Детские глаза звенели "а-а-а", а бараньи "э-э-э". Коровьи захлебну-
лись жутким мыком. Голова Фели с подушки прыгнула в звеневшую тишину.
Вокруг тяжело клубилось дыхание. С освещенной луною стены свирепо уста-
вились глаза голодных: помешала. Глаза детей сияли ей, как матери. Глаза
баранов и козлов были широки, но улыбались, будто увидели пастуха.

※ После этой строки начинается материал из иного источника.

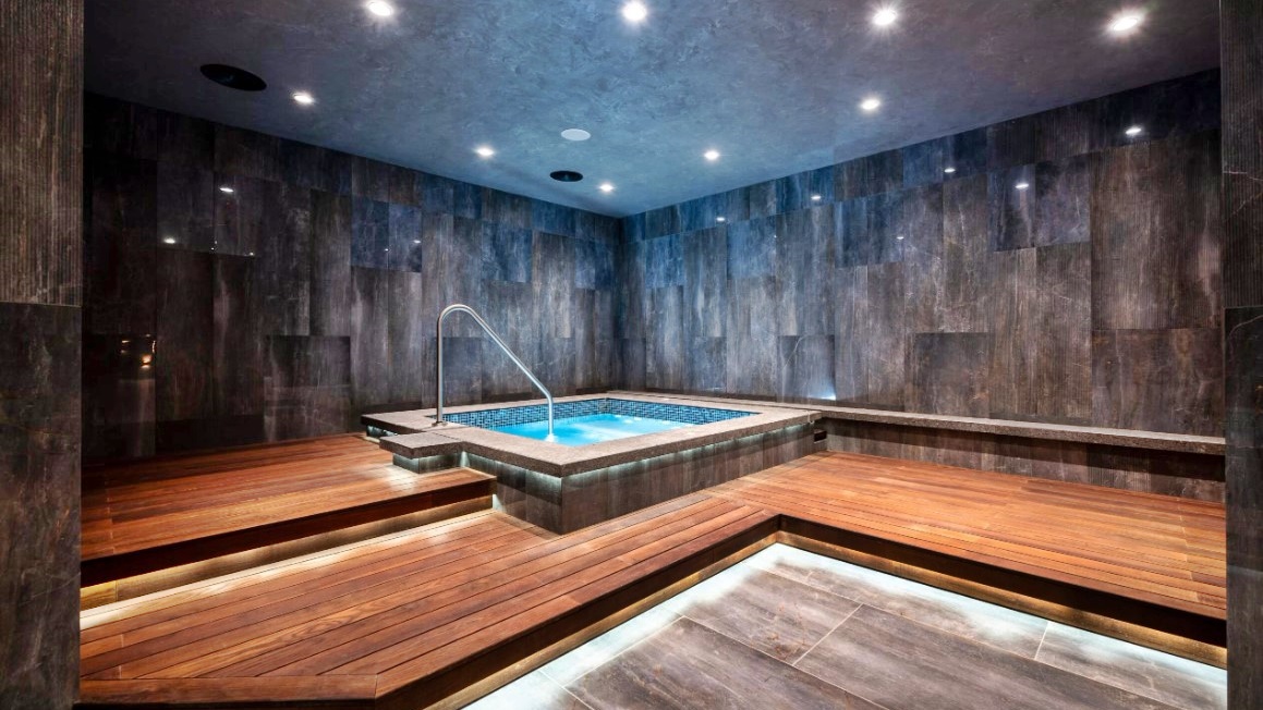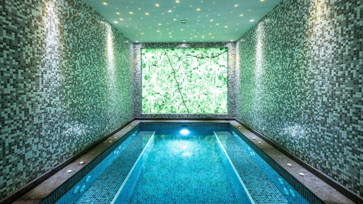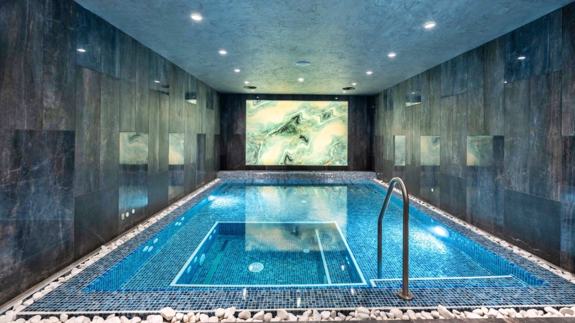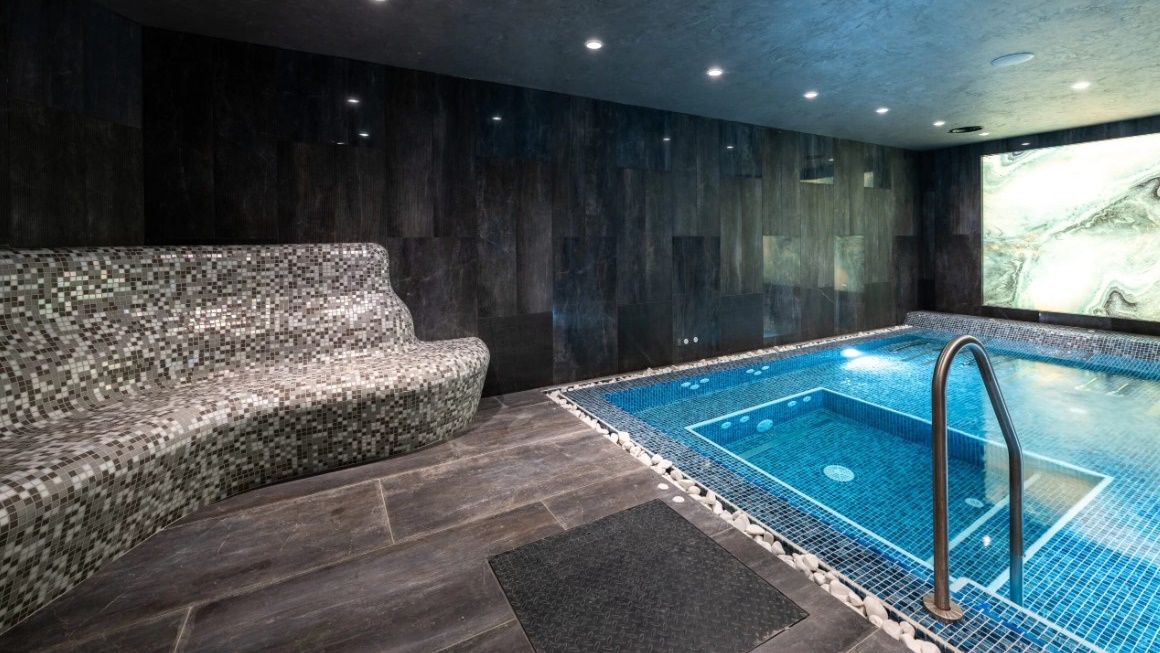 - Вътрешен голям плувен басейн с топла връзка към външно джакузи
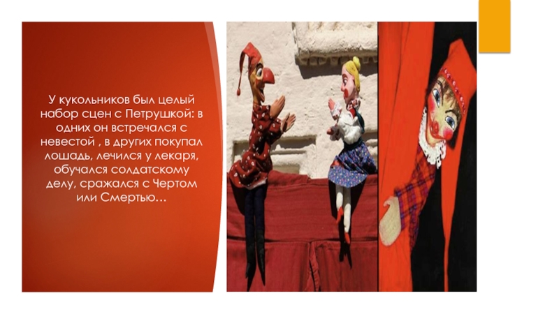 Слайд 5У кукольников был целый набор сцен с Петрушкой: в одних он

"Это оттого, что Пим там... Нет, вчера читала о голоде и людоедстве,
- решила Феля, но тут же выпрямилась и вскочила: Зачем я поддаюсь это-
му?" Зажгла свет, порывисто прошла в угол, сняла с огромного полотна за-
навеску и глянула на него.
Подвал тюрьмы. Окно забрано решеткой. Квадраты света выхватывают же-
лезную дверь и пятерых. Старший тюремный надзиратель. Перед ним, на по-
лу, три младших держат арестанта в синей куртке. Один мешает ему выпря-
миться, а двое заковывают его в кандалы. Одна нога уже закована, другая
прислонена к наковальне. Лица надзирателей разгорячены: Кандальник соп-
ротивляется, грозит рукой, кричит... Надзиратели бьют по заклепке тороп-
ливо, промахиваются, и на желтоватой ноге Кандальника темнеет исси-
ня-красное пятно. Глаза старшего выпучены... Напруженная рука Кандальни-
ка, его влажные губы и яркие глаза кричат:
- Закуете?! Заковывайте! А еще что сделаете?! Убьете?! Убивайте!.. А
еще что?! Ничего... А если я не один?! Если я это все?! Все, понимаете?